"The main feature of PHP V6 is improved support for
Unicode. Currently, PHP is essentially a binary preprocessor. PHP
V5 does not provide native Unicode support; it assumes that all
characters are 1 byte long, which is a problem when handling
non-Latin characters. You can do conversions to Unicode, but it
requires the mbstring extension, which is not enabled by default or
an external tool like iconv.
"PHP V5 does not always render text correctly, or readable,
according to its associated character encoding. Unicode is an
industry standard developed by the Unicode Consortium to represent
every character no matter what the language, no matter the program,
no matter the platform. Unicode, widely supported by standards and
industry, makes international multilingual applications feasible.
Unicode can be represented by different character encodings, the
most common being UTF-8, UTF-16, and UTF-32.
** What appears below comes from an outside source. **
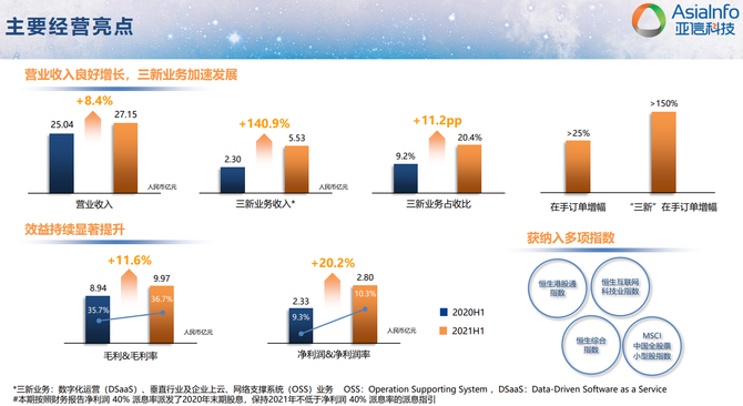 “三新”业务(DSaaS业务、垂直行业及企业上云业务、OSS业务)的规模化扩张加速,是公司总体经营业绩保持良好增长态势的重要驱动力。上半年,“三新”业务收入大幅增长至约人民币5.53亿元,增幅140.9%;占总收入比重首次超越20%,在手订单同比增长超过150%。

"PHP V6, which supports Unicode (UTF-8) natively, has Unicode
support in the engine, in the extensions and in the API. PHP V6
handles all strings as Unicode, though support has been added to
handle binary strings as a different type. In PHP V6, string
literals are Unicode, Unicode identifiers are allowed, and
functions understand Unicode text. PHP V6 has built-in support for
converting between Unicode strings and other encodings when
required, and supports reading from and writing to a UTF-8
file."